Timing of dialysis initiation to reduce mortality and cardiovascular events in advanced chronic kidney disease: nationwide cohort study. This one in particular is a nice example as they tried to emulate and somewhat expand on an earlier RCT (The Initiating Dialysis Early and Late (IDEAL) study) on this same topic with largely similar findings.

Edit: just now saw you wanted examples with univariate and not longitudinal outcomes. Apologies!

Pavlos_Msaouel · January 21, 2023, 3:58am

Not sure if it fits the criteria but we used causal diagrams here to integrate experimental data in the laboratory with clinical observations and establish high-intensity exercise as a risk factor for renal medullary carcinoma in the setting of sickle cell trait.

This was a major milestone for this deadly cancer and was the challenge that motivated our group’s interest in causal diagrams.

We typically use refutationist logic and design experimental or observational studies that can refute our causal hypotheses.

Since that time, this signal has continued to emerge in independent cohorts that now allow us to go even deeper into this unique relationship.

Note that the idea of generating reliable causal inferences from purely observational data is something that few in the causal inference world believe in.
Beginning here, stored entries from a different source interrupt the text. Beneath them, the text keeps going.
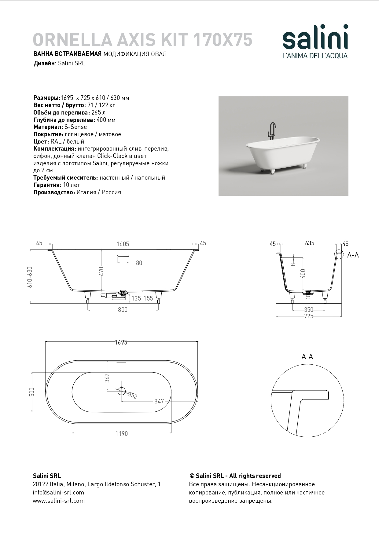 ORNELLA AXIS KIT 170 – самая универсальная ванна Salini из литого камня.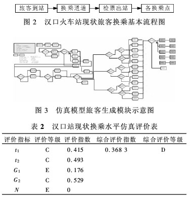 根据汉口火车站现状旅客换乘基本流程(见图2)建立了仿真模型,模型中的旅客生成模块示意图如图3所示。将调查采集到的现状输入参数输入仿真模型并运行仿真程序,所得结果如表2所列: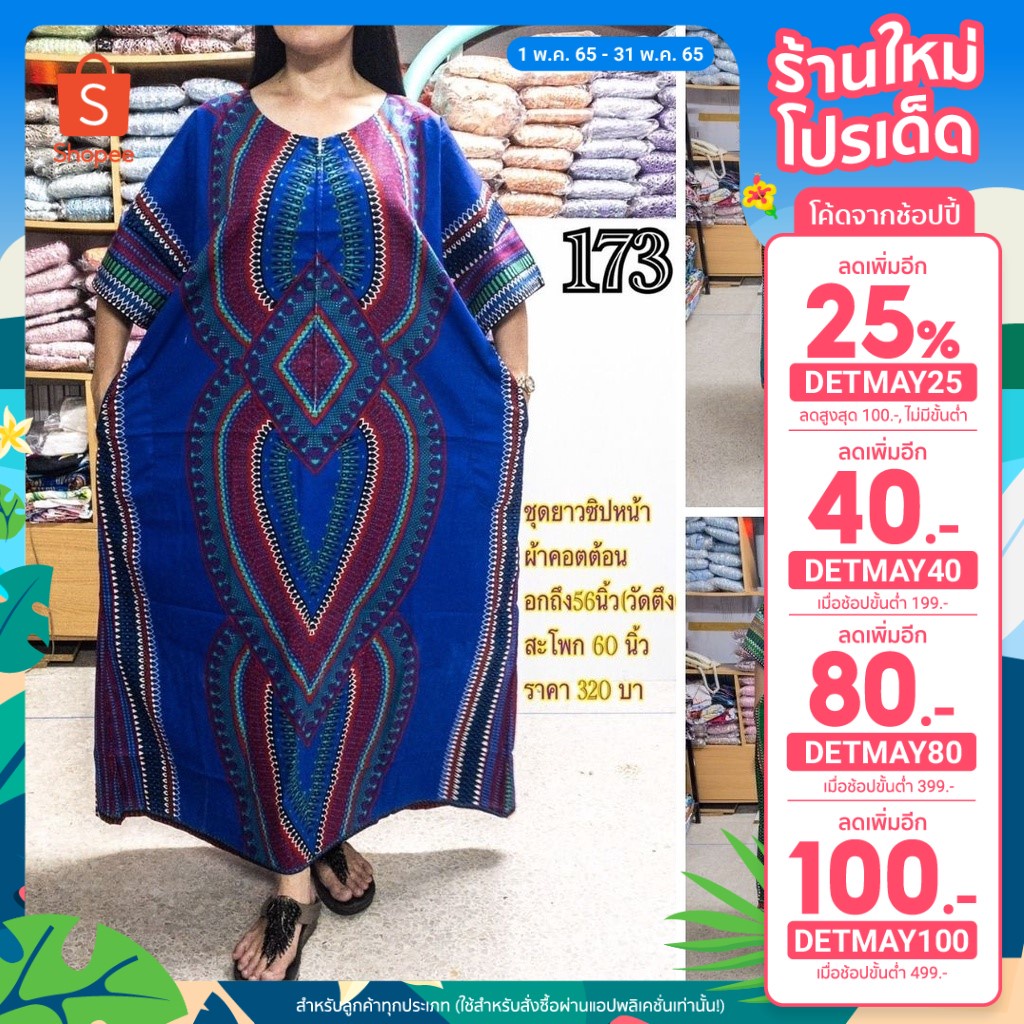 [ส่งฟรี+ ชุดนอนผ้าคอตต้อน100% งานเย็บไทย แบบมีแขนจัมโบ้ ฟรีไซส์อก48-60ใส่ได้ ผ้าคอตตอนแท้ 100% งานเย็บไทย )

Or at least I hope so. For example, we need to physically manipulate the world around us to generate the information needed to choose between DAGs that can generate the same observed data distributions.
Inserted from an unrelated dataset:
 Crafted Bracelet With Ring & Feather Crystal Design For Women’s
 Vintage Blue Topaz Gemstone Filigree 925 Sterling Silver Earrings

f2harrell · January 21, 2023, 12:57pm

Very helpful examples from both of you. Pavlos on your study does it meet the criterion that subject matter expertise (masked to what data were actually available) was emphasized to derive the list of variables to collect?

Pavlos_Msaouel · January 21, 2023, 2:31pm

Yup, the subject matter expertise was encoded by the DAGs which then allowed us to determine which variables to collect. Because exercise history is hard to reliably collect retrospectively in the EMR we used two separate strategies in the retrospective cohort:

comparison with a control group from the same department, EMR, and time period. Collecting exercise history was thus equally noisy. A signal of no difference between the cases and the controls would thus refute our hypothesis.
use of objectively measured skeletal muscle mass as a proxy for exercise history. Because renal medullary carcinoma is more aggressive than the control cases, thus leading to loss of muscle mass, the odds were stacked against our hypothesis for this comparison.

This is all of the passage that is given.